More settlement, and more atrocities like the killing of a defenceless elder, enraged the Shawnee. They rampaged through what is now western Pennsylvania, West Virginia, eastern Ohio, and north Kentucky. One of their favourite spots was along the Ohio River, because the transportation artery floated hundreds of settlers downriver toward new homes and new lives in Kentucky. Tecumseh was a regular among the warriors who attacked settlers’ flatboats, rich targets loaded with livestock and household possessions. The Indians launched bark canoes or simply waited at narrow spots in the river to make interceptions. Sometimes they stood white captives on the shore as decoys to lure boats into landing.
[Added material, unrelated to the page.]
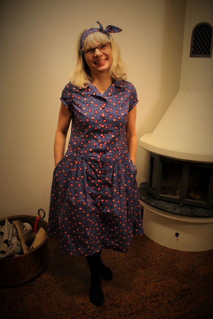 Klänning i favoritmodell 1: Sandy från Svenska mönster. Tittar du riktigt noga ser du att den är knäppt med knappar klädda med samma tyg – jag klippte ut tyg med enbart röda blommor på till knapparna och klädde dem som jag gjort tidigare.

The large flatboats, some nearly one hundred feet in length, were propelled and steered by long oars, requiring four to six men as crew. When they had to man the oars in difficult situations, the men could not fight back. That’s when the Indians poured musket balls and arrows at them.

Tecumseh was among a band of Indians that attacked a large flatboat being brought downriver by traders. The Shawnee captured the boat and killed all the people aboard, except one. This man was taken prisoner and later burned alive. Tecumseh watched the burning, but was young, with no status to interfere. The burning scene seared his memory. He told other warriors of his disgust of torture and promised himself that he would prevent such brutality in future.

Dislike of needless cruelty became a Tecumseh characteristic. He believed it was wrong to murder helpless captives and was not afraid to tell others.

“He was always averse to taking prisoners in his warfare,” Ruddell wrote later in life. “But when prisoners fell into his hands he always treated them with as much humanity as if they had been in the hands of civilized people — no burning — no torturing. He never tolerated the practice of killing women and children.”